# Marty's 10th Anniversary Commemorative Covered Hopper



## Stan Cedarleaf (Jan 2, 2008)

Marty's 10th Anniversary Commemorative Covered Hopper "signed" by most of those attending... 

The last of a kind..


----------



## SD90WLMT (Feb 16, 2010)

*RE: Marty's 10th Anniversary Commemorative Gondola*

That car looks full Stan - very nice of you!! 

Dirk - http://dmsry.blogspot.com/


----------



## Paul Burch (Jan 2, 2008)

*RE: Marty's 10th Anniversary Commemorative Gondola*

Boy Stan, thats some "GONDOLA".


----------



## ththfxr (Dec 27, 2007)

*RE: Marty's 10th Anniversary Commemorative Gondola*

Looks great Stan, thanks for the effort of making it.


----------



## Stan Cedarleaf (Jan 2, 2008)

*RE: Marty's 10th Anniversary Commemorative Gondola*

Yeah, Paul..... Sure screwed that up... Should have been "Covered Hopper". 

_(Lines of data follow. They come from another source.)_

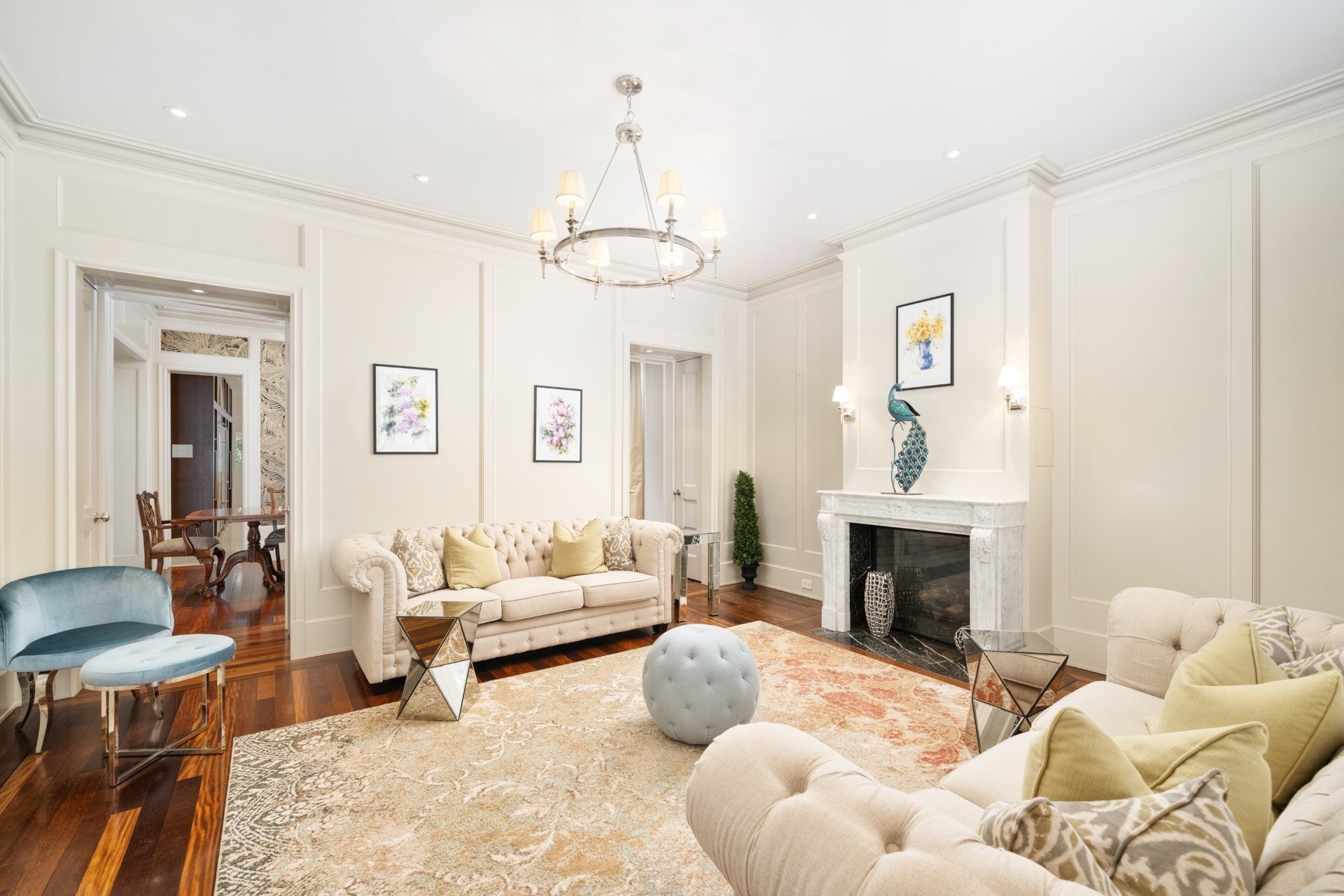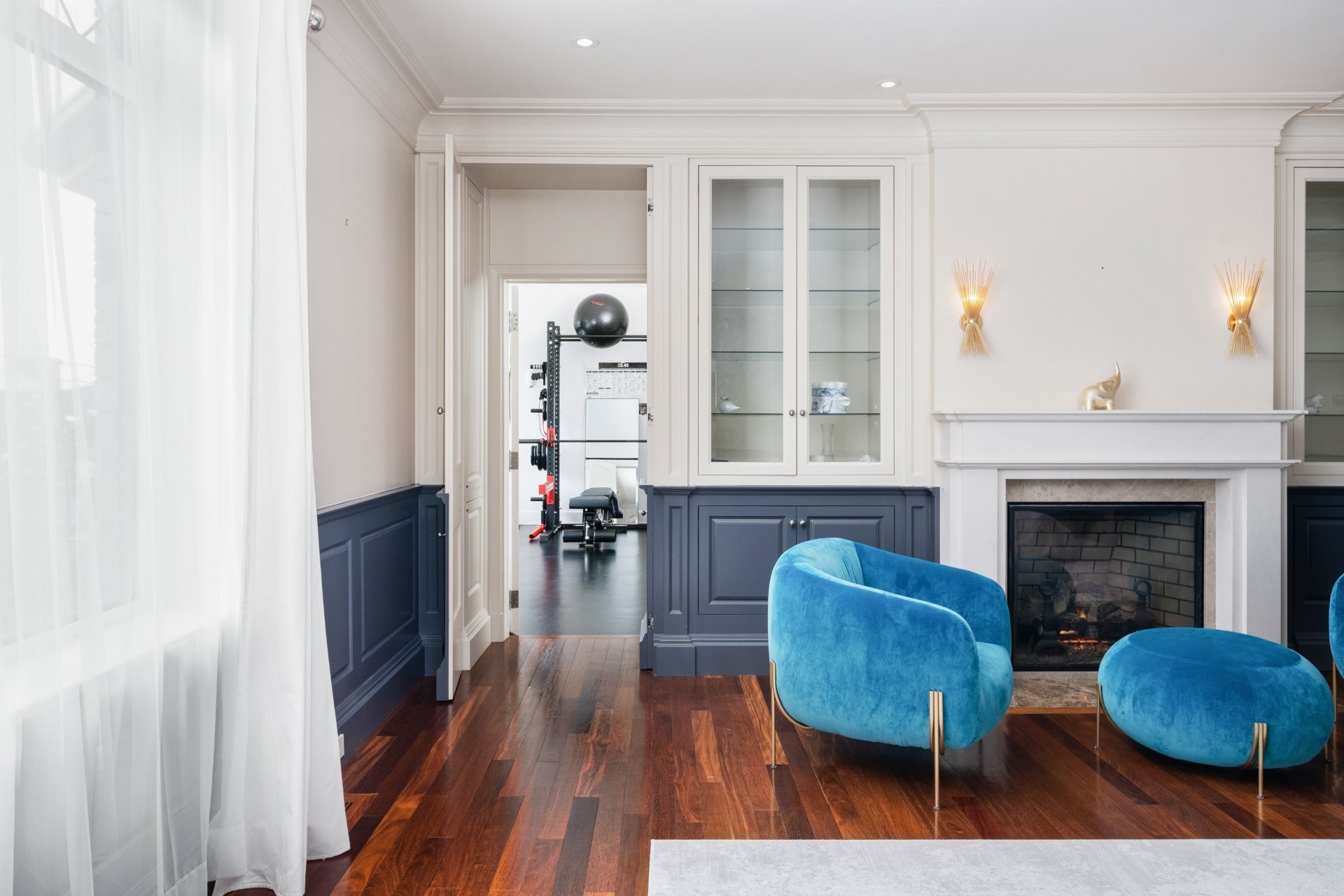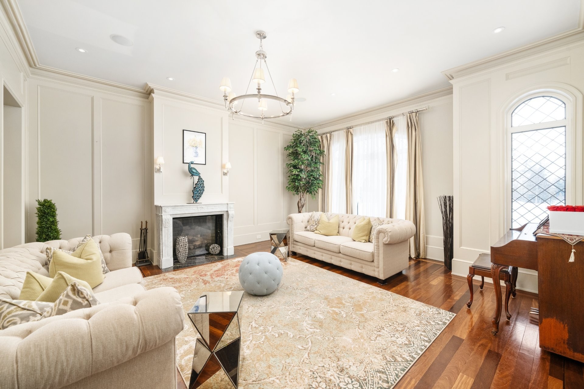 -Salon élégant aux plafonds hauts, moulures raffinées, foyer au gaz et grandes fenêtres.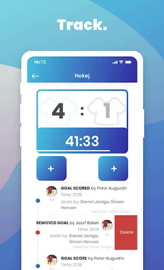2. Track scores real-time - bring one phone with you to the pitch and start the game as usual. With only one difference - when somebody scores, track it in the app. Just two clicks to assign the goal to the scoring player will eventually bring you rich stats afterwards. Totally worth it!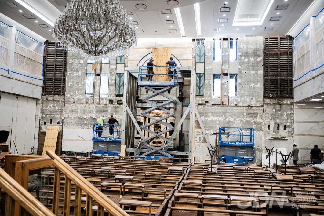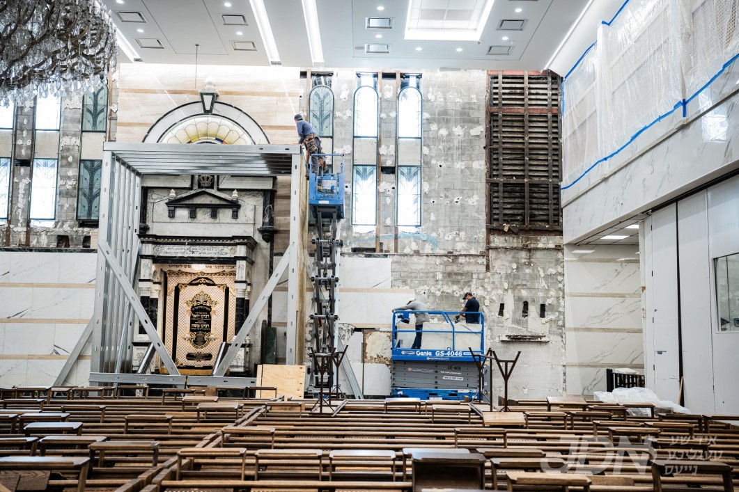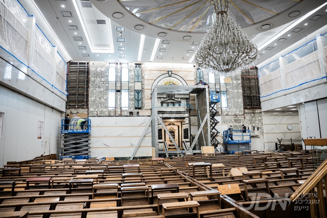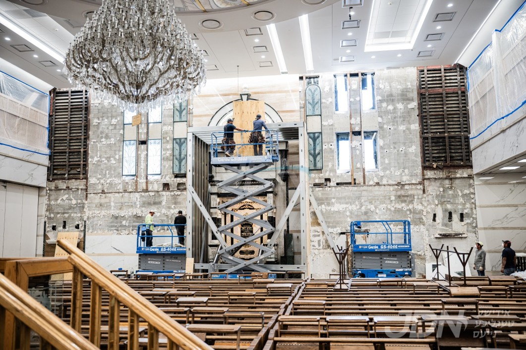 אין די יעצטיגע טעג נאך וואס כ"ק אדמו"ר מסאטמאר שליט"א האט פארלאזט קרית יואל, און ארויסגעפארן קיין ניו העמפשער אויף אפרוה פאר פיר וואכן, איז אונטערגענומען געווארן ספעציעלע רענאוואציע ארבעט דורך די הנהלת הקהילה אין קרית יואל, צו פראכטפול איבערבויען און פארשענערן דעם מזרח וואנט אין ביהמ"ד הגדול, דער מקום קדוש וואס איז שוין פארהייליגט נאנט צו א יובל יארן, און האט איינגעזאפט מיליאנען שעות תורה ותפילה דורכאויס די אלע יארן.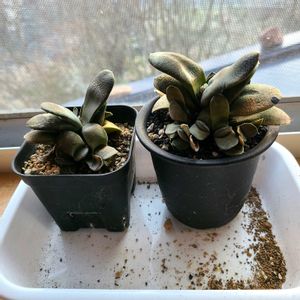こんにちは☀︎ 日本海側は、寒いです((゚Д゚ll)) 時には定価で🪴 ①②白っぽくてカワイイ、ガステリア´◡` ③お渋な色で、イイじゃな〜いとも思ったら、シノクラッスラは、お花が咲くと枯死することを後で知る。 蕾付を喜んで持ち帰った事を後悔(╥△╥;) ④🛟で持ち帰って立派に育ってるけど、見たらまた欲しくなった、ダメな私↷( ó╻ò)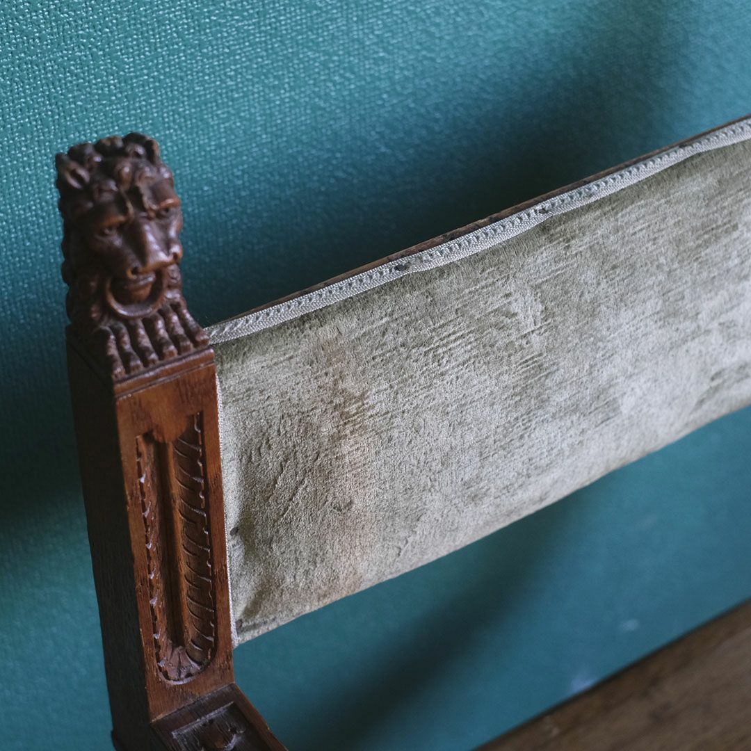 肘先にはアカンサスを思わせる彫り、背の支柱には獅子頭のレリーフとリングモチーフ。置くだけで部屋の空気がぐっと濃くなる、彫刻作品のような迫力をまとった一脚です。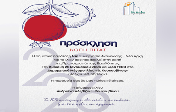 ΠΡΟΣΚΛΗΣΗ: Η δημοτική παράταξη ΝΑΙ Συνεργασία Ανανέωσης - Νέα αρχή για το Ίλιον σας προσκαλεί στην κοπή της Πρωτοχρονιάτικης Βασιλόπιτας.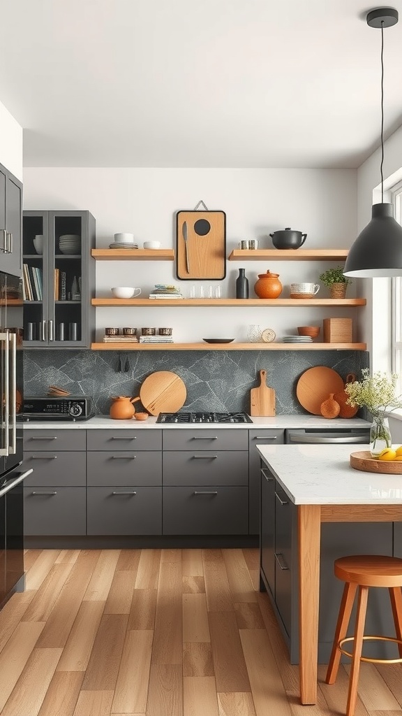 Colors play a vital role here. The subtle gray tones on the cabinets create a calming backdrop, while the pops of orange from the dishes and decor inject energy into the room. This balance of colors is key in modern kitchen design.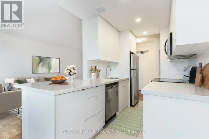 Don Mills/Lawrence Welcome to Unit 417 at Rodeo Drive Condos, 50 O"Neil Road - a bright and spacious northwest-facing comer suite in the heart of the Shops at Don Mills. Offering approx. 881 sq. ft., this functional 2-bedroom layout features an open-concept kitchen, dining, and living area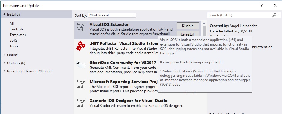 Visual SOS is both an executable and extension for Visual Studio that leverages the debugger engine available in Windows in conjunction with SOS debugging extension. It’s similar to having Windbg embedded into Visual Studio but in a much simpler way, because it exposes some of the most commonly used commands just a click away. Visual Studio debugger is a great tool but it lacks some options that are available in SOS only.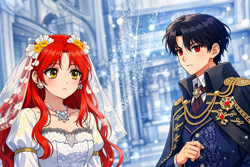序盤は、ブランチェ侯爵家が大公家との政略結婚を目前に控えながら、肝心の一人娘であるエリカ・ブランチェが結婚直前に病で倒れるところから始まります。侯爵家にとってこの縁談は、体裁だけでなく莫大な富と権力を手に入れるための切り札なので、破談は避けたいわけですね。ただ、世間では大公家の息子セバスチャン・アクリフに冷酷で凶暴という悪評が立っており、本物の令嬢が怯えている空気も重なって、家の中はピリついたまま進みます。そこで侯爵が目をつけるのが、乳母ジュリアの娘で、本物の令嬢と同じ名を持ち、容姿も似ている少女エリカです。侯爵はジュリアを人質に取り、娘エリカに「身代わりの花嫁」として大公家へ行けと命じます。エリカに選択肢はほぼなく、母を救うために嘘を飲み込み、使用人の立場から一夜で大公子の花嫁になるという、人生がひっくり返るような出発を切ります。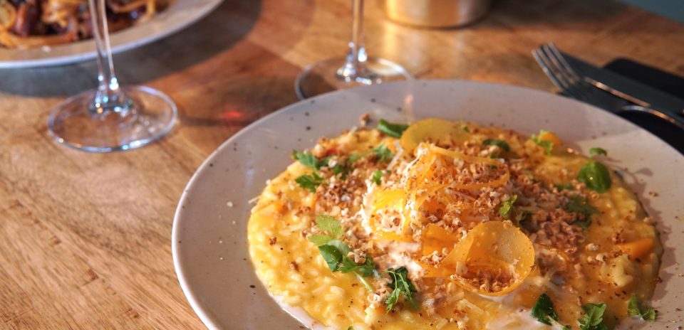 Den här krämiga risotton balanseras av knapriga hasselnötter i brynt smör och den friska smaken av picklad blomkål. På toppen, riven tryffel "a volontà".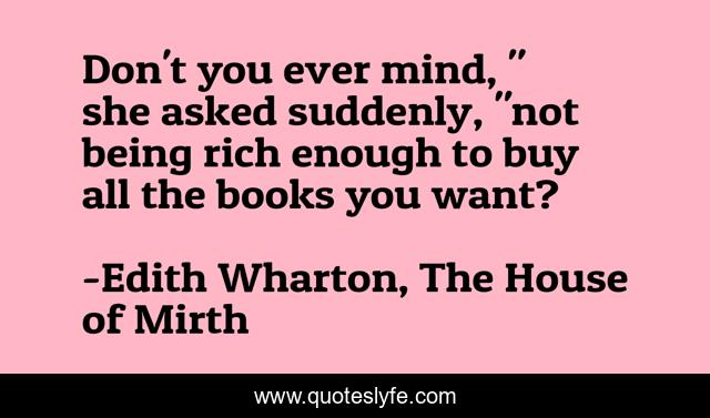 This page presents the quote "Don't you ever mind, " she asked suddenly, "not being rich enough to buy all the books you want?". Author of this quote is Edith Wharton, The House of Mirth. This quote is about money, books, rich,.
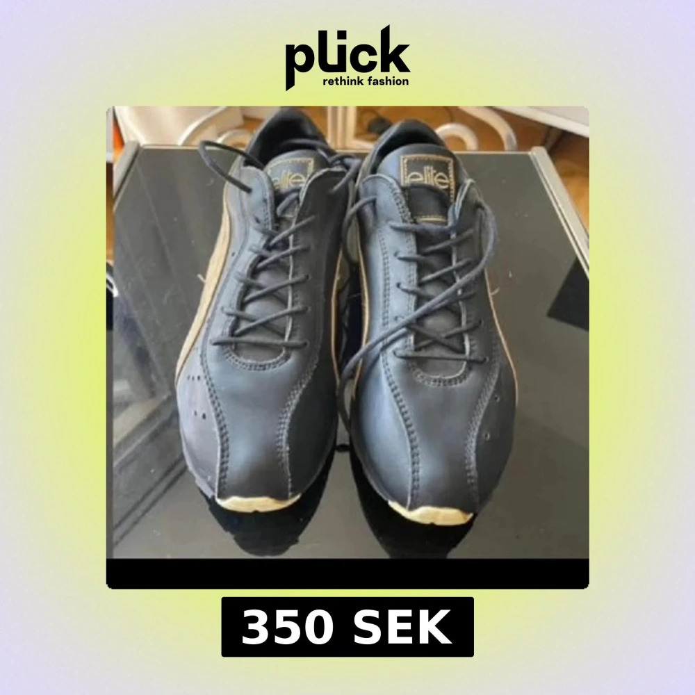 Snygga svarta sneakers från Elite med beige detaljer och snörning. Skorna har en rund tå och en unik sula med mönster för extra grepp. Perfekta för en stilren look.
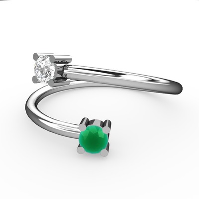 Pırlanta ve kök zümrüt 8 ayar beyaz altın yüzük (0.24 karat)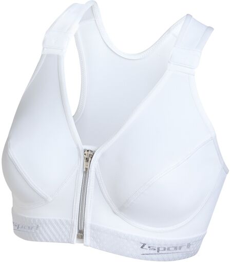 Brassière Zsport Zbra SilverZsport innove et lance Zbra Silver, son tout nouveau soutien-gorge de sport Maintien 5 pour tous les sports à intensité très forte et pour toutes les femmes à la recherche d'un maintien extrême ou ayant une forte poitrine.Chic et sobre, il est ajustable à chaque morphologie garantissant un grand confort, une excellente thermorégulation et un maintien extrême de la poitrine pour toutes les pratiques sportives.Fermeture par zip frontal pour faciliter l'enfilage avec bande protectrice en dessous pour éviter tous frottementsDos nageur pour une plus grande amplitude de mouvements permettant aussi un meilleur maintienSystème de coutures antièirritationsTextile Fresh fabrics plus avec une nouvelle fibre textile plus performante facilitant l'élimination de la transpiration et garantissant une thermorégulation encore plus efficace. ...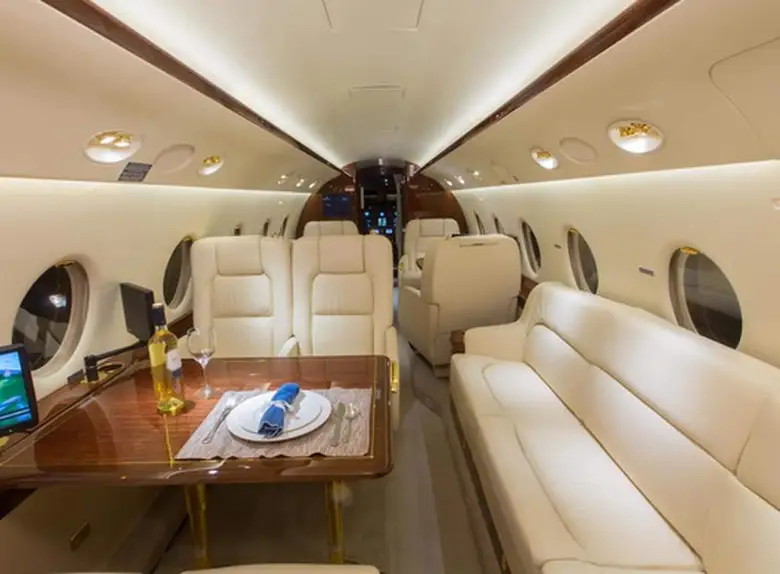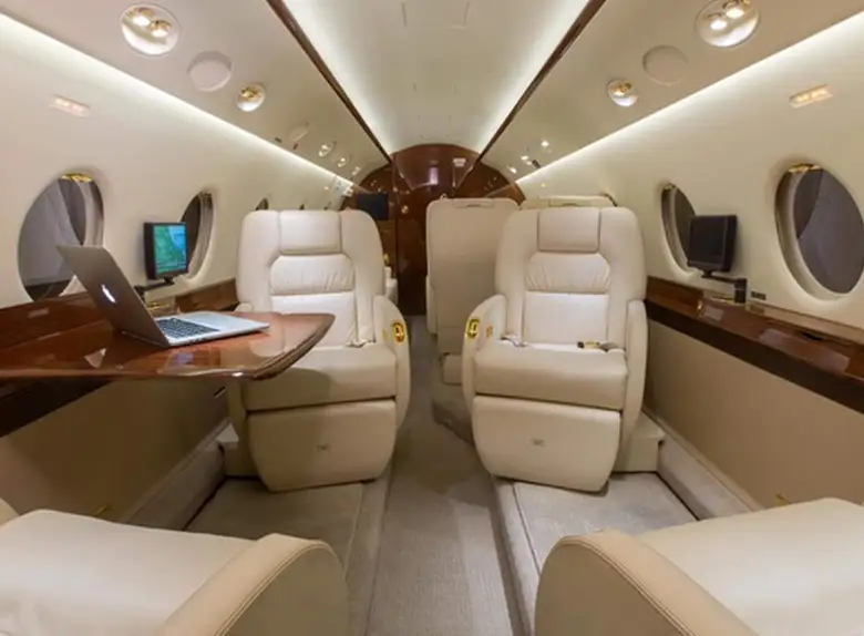 Gulfstream G200 EC-KRN рассчитан на 10 пассажиров. Багажное отделение объёмом 4.2 м³ позволяет разместить до 12 чемоданов L-размера . Максимальная дальность полёта — 6301 км.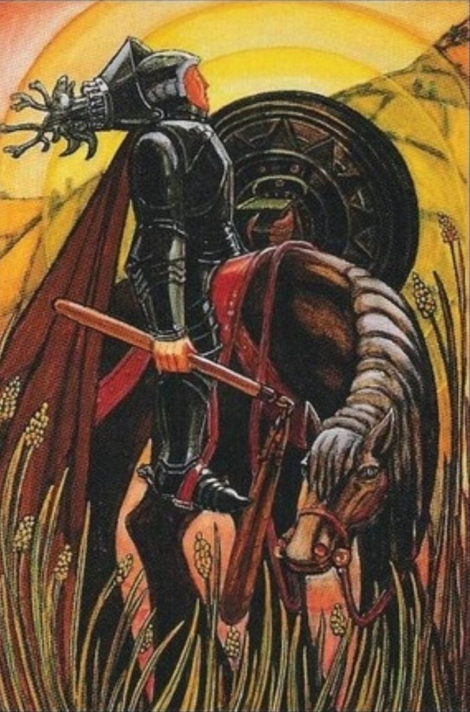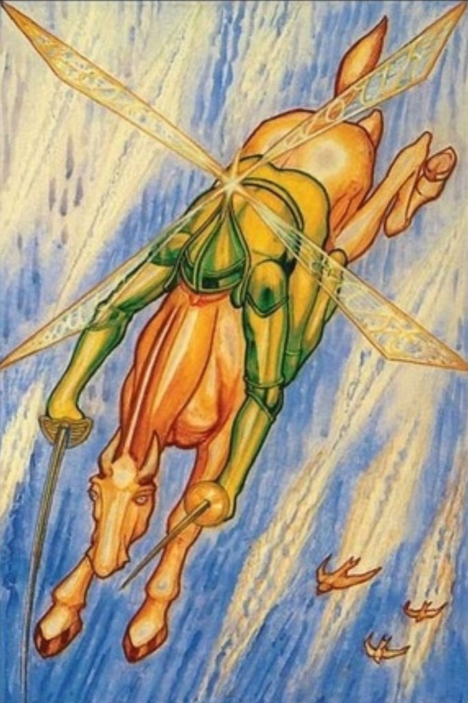 The Knight of Swords represents the fiery part of air, the wind and the storm. He is a warrior riding a maddened steed, he represents the idea of attack. The moral qualities of a person are activity and skill, subtlety and cleverness. He is fierce, delicate and courageous but prey to his ideas which are inspired but without reflection. At worst these qualities are absent, he is incapable of decision and lacks purpose, any action he takes is easily opposed and dismissed. In the I Ching the fiery part of air is represented by the 32nd hexagram which largely aligns with the description given adding perseverance in well doing or continuously acting out the law of one’s being.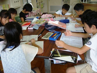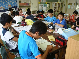 夏休みの図書室は大入り満員 投稿日時 : 2013/07/25 校長 夏休み期間に何回か、クーラーの効いた図書室を開放しています。 9:00~10:00に、勉強や読書に来ましょうと提案したところ、1年生から6年生まで大勢の子が夏休みの宿題を持ってきて、机や椅子が足りないほどになりました。誰も遊ぶ子はおらず、せっせとドリルや課題をしていました。帰りには、借りていた本を返し、新しい本を借りて帰っていきました。5、6年生は、その後、ブラス練習をしました。 午後からのプールにもたくさんの子が参加していました。 Tweet {{options.likeCount}} {{options.likeCount}} 0 コメント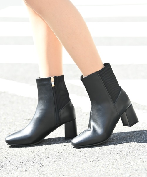ニット素材のコンビがポイントのショートブーツ。 太めヒールで安定感抜群なので、とっても歩きやすい! オシャレと履きやすさを両立させた一足です。

Maybe I can get a kind hearted moderator to change it now that the editing time has passed....









Thanks, JJ...


----------



## John J (Dec 29, 2007)

HE HE HE HE


----------



## Jerry Barnes (Jan 2, 2008)

Commemorates 10 years of a great time. I will sure miss it a LOT. Nice to see all the people you know from online and attach a face to those 'handles' many use online. It was also a great learning experience. Marty and Carrie were great for doing this, a LOT of hard work, but they gained a lot of friends from it.


----------



## NTCGRR (Jan 2, 2008)

Woow what a surprise... LOL. Stan always does a very nice job. thank you so much.


----------



## Stan Cedarleaf (Jan 2, 2008)

Should be at Mead's on Thurday, Marty.... Enjoy.....


----------



## Stan Cedarleaf (Jan 2, 2008)

Dupe post...


----------



## Mike Reilley (Jan 2, 2008)

Berry berry nice....


----------



## Doug C (Jan 14, 2008)

Awesome momento ! 

Perfect for a personal initiative promoting model railroading that kept on going 'n growing . . . . .


----------